Prove that $24n+5$ can't be a perfect square with $n \in \Bbb Z^+$
My try
I tried to prove it by contradiction:
Assume that $24n+5=a^2$ with $a\in \Bbb Z^+$
Then $24n+5$ is odd, so $a$ is odd too
Then $$n=\frac {a^2-5}{24}$$
So $a^2-5|24$
I saw that if $a^2-5|24$, then $a$ must have a remainder of 5 when is divided by 24.
Example: Let $a^2-5=24$, then $a^2=29$ and $29/24=1$ with remainder of 5.
Let $a^2-5=48$, then $a^2=53$ and $53/24=2$ with remainder of 5.
So the problem reduces to finding a perfect square that divided by $24$ gives a remainder of $5$. I tried by brute force with all $a\ge 7$ (because $a$ is odd, so i tried $7,9,$... till $25$) and they all give remainder of $1$ or $9$. I know this doesn't suffices that there isn't a perfect square that divided by 24 gives remainder of $5$, but i don't know how to continue. I'm thinking about modular arithmetic and congruency, but i don't see the way.
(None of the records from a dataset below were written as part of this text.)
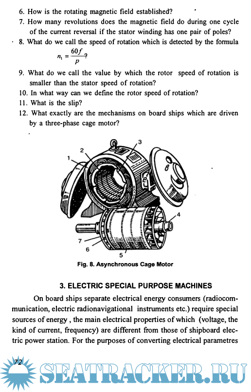PREFACE UNIT 1. NATURE OF ELECTRICITY 1. PRIMARY INVESТIGATIONS. CLASSES OF ELECTRICITY 2. MAGNETISM. ELECTROMAGNETISM. MAGNETIC FIELD 3. ELECTRIC CURRENTS AND THEIR PROPERTIES 4. BASIC UNIТS OF ELECTRICITY AND MEASURING DEVICES EXERCISES UNIT 2. SHIP'S DIRECT CURRENT ELECTRIC МACHINES 1. ТНЕ CONSTRUCTION AND ТНЕ PRINCIPLE OF OPERATION 2. D.C. GENERATORS AND THEIR CHARACTERISTICS 3. APPLICATION OF D.C. GENERATORS AND THEIR PARALLEL OPERATION EXERCISES UNIT 3. D.C. MOTORS 1. CONVERTIBILITY 2. E.M.F., TORQUE, POWER 3. STARTING, SPEED REGULATION. REVERSAL EXERCISES UNIT 4. ТУРЕS OF D.C. MOTORS AND THEIR DISПNCТIVE FEAТURES 1. SHUNT-WOUND MOTORS 2. SERIES-WOUND MOTORS 3. COMPOUND-WOUND MOTORS EXERCISES UNIT 5. TRANSFORMERS 1. PURPOSE, CONSTRUCTION, TYPES 2. THREE-PHASE TRANSFORMERS 3. SPECIAL TRANSFORMERS 4. AUTOTRANSFORMERS EXERCISES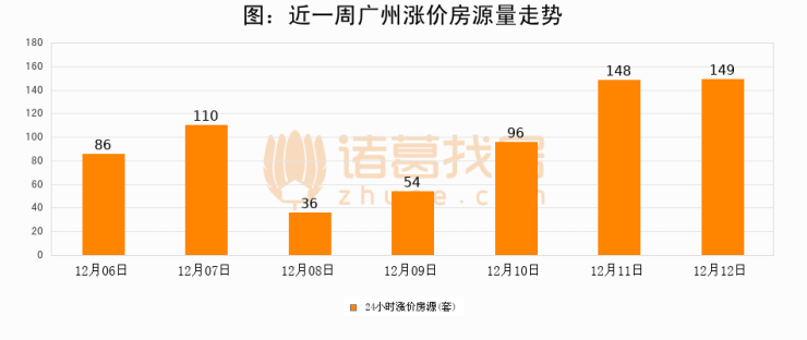 根据诸葛找房数据显示,广州24小时涨价房源量为149套,较12月11日增加1套,环比上涨0.7%。与此同时,涨价房源占比小幅扩大,业主信心有所提升。
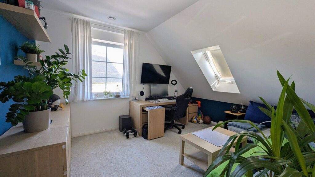 Elternschlafzimmer: Ein geräumiger Raum mit viel Platz für eine Schrankwand. Kinderzimmer: Zwei helle Kinderzimmer bieten ideale Bedingungen zum Spielen und Lernen oder weitere Nutzungsmöglichkeiten. Zusätzliches Büro: Ein kleineres Zimmer, ideal als Home-Office oder Hobbyraum nutzbar. Wellness-Bad: Das große Familienbad ist mit einer Badewanne, einer separaten Dusche und einem Doppelwaschbecken ausgestattet.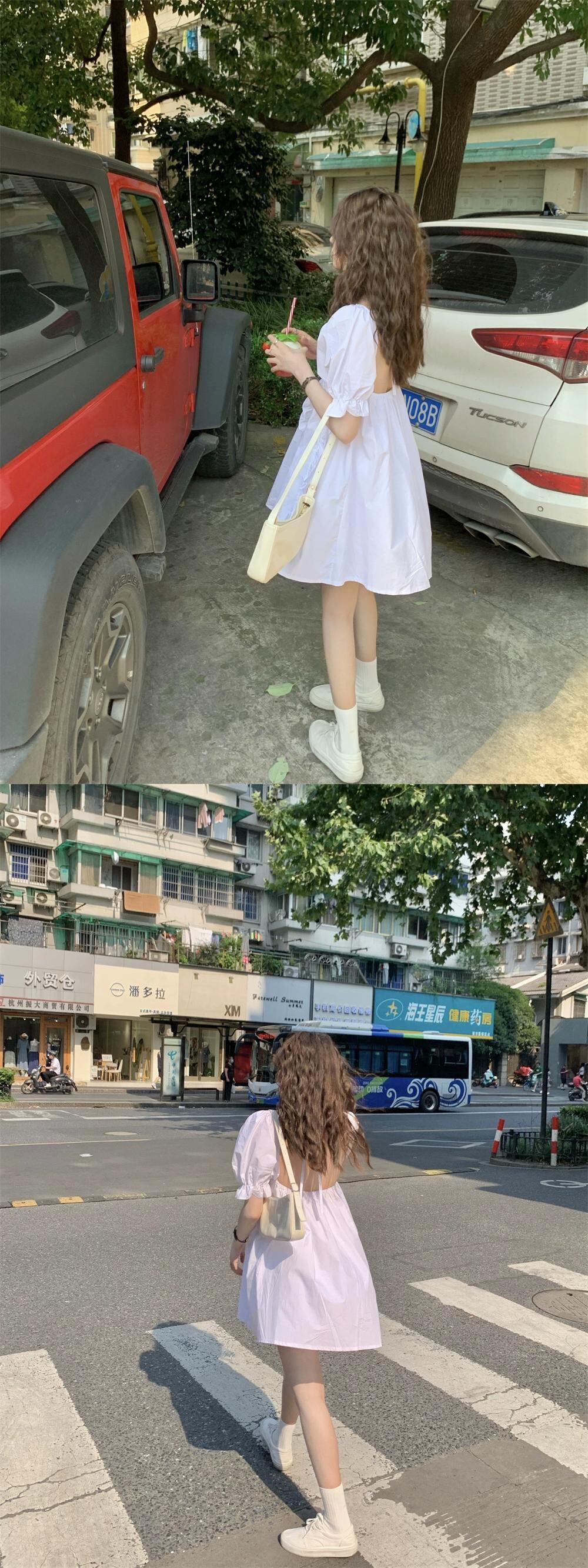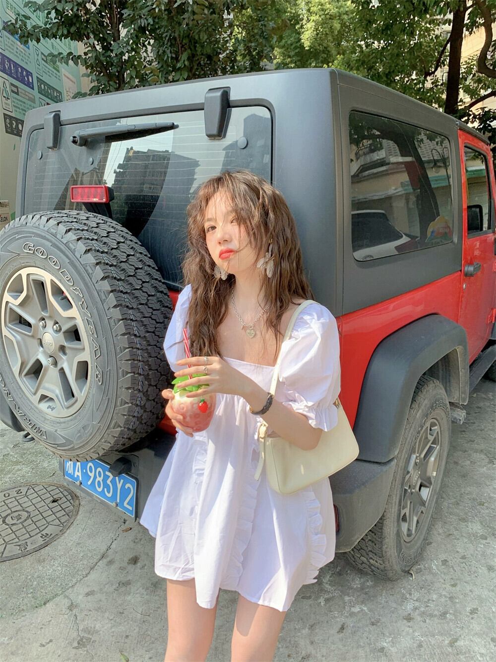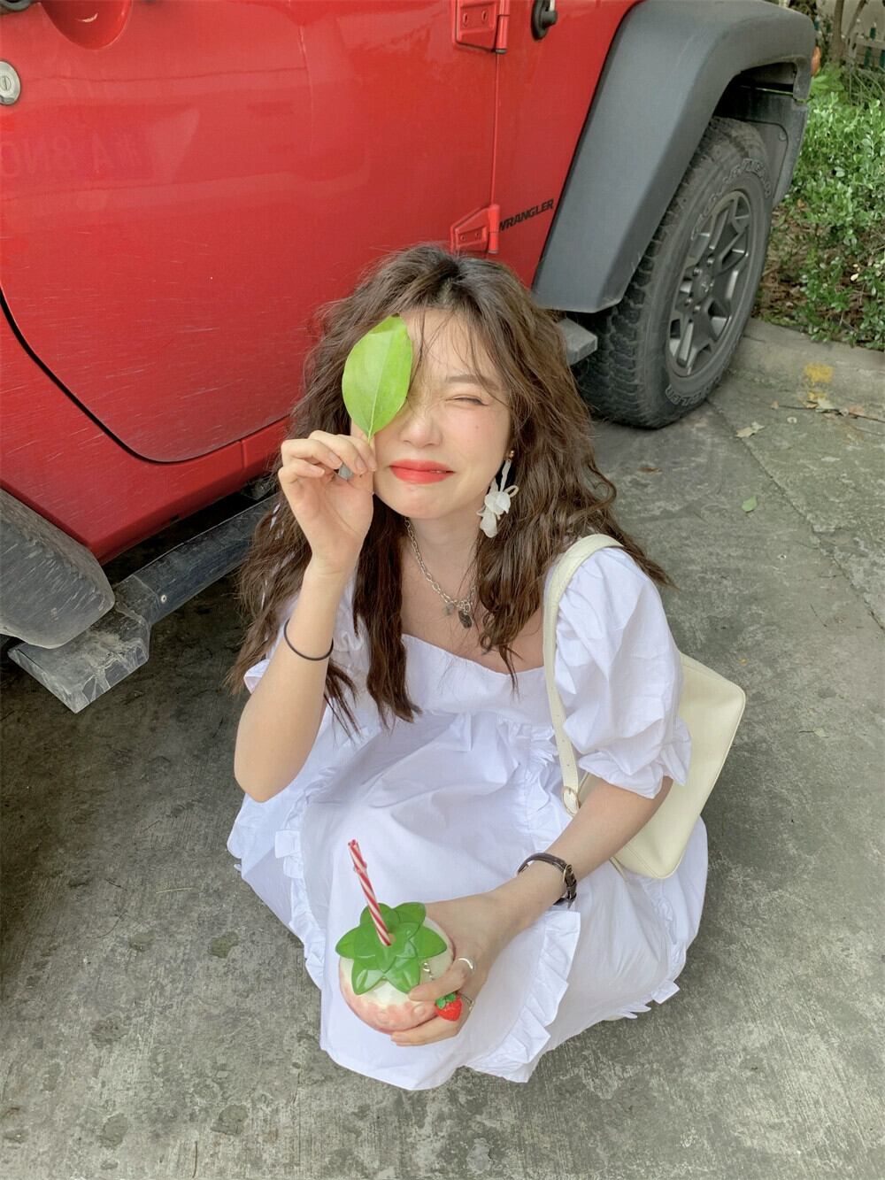フレンチスクエアカラー半袖ドレスレディース夏ハイエンドパフスリーブ初恋スカート木耳サイドaラインショートスカート サマー 夏物 スクウェア 0921952634774338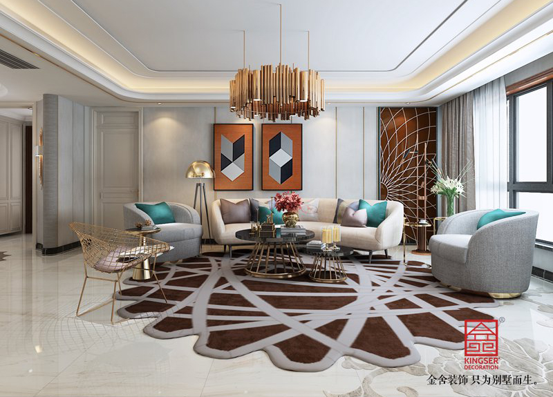 空間構(gòu)造以“方與圓”相互穿插運(yùn)用,凸顯現(xiàn)代獨(dú)特的工藝造型,講究細(xì)節(jié)的打造,在直線與曲線的交合之中,用金屬的質(zhì)感、烤漆的厚度,絲質(zhì)的光澤打造出主人特別的風(fēng)格品味。這是自由的、開放的、也是令人向往的。沙發(fā)經(jīng)典款型的運(yùn)用,與再設(shè)計(jì)再創(chuàng)作,賦予整體空間新的生命,也是對高品質(zhì)生活的自我詮釋和向往。

Any hints?, or atleast is my way is correct?.
Thanks.
Assume for contradiction that $24n+5$ was a perfect square. Then for some $a\in\mathbb{Z}$, we have $24n+5=a^2$. Since $a$ is an integer then $a^2$ is an integer, thus $24n+5$ must be odd, meaning that $a^2$ is odd, therefore meaning that $a$ is also odd. So for some $k\in\mathbb{Z}$, $a=2k+1$ and thus $a^2 = 4k^2+4k+1$. And we have the equation $24n+5=4k^2+4k+1$. This implies that $6n+1=k^2+k$. But notice that $6n+1$ is always odd and $k^2+k$ is always even. A contradiction.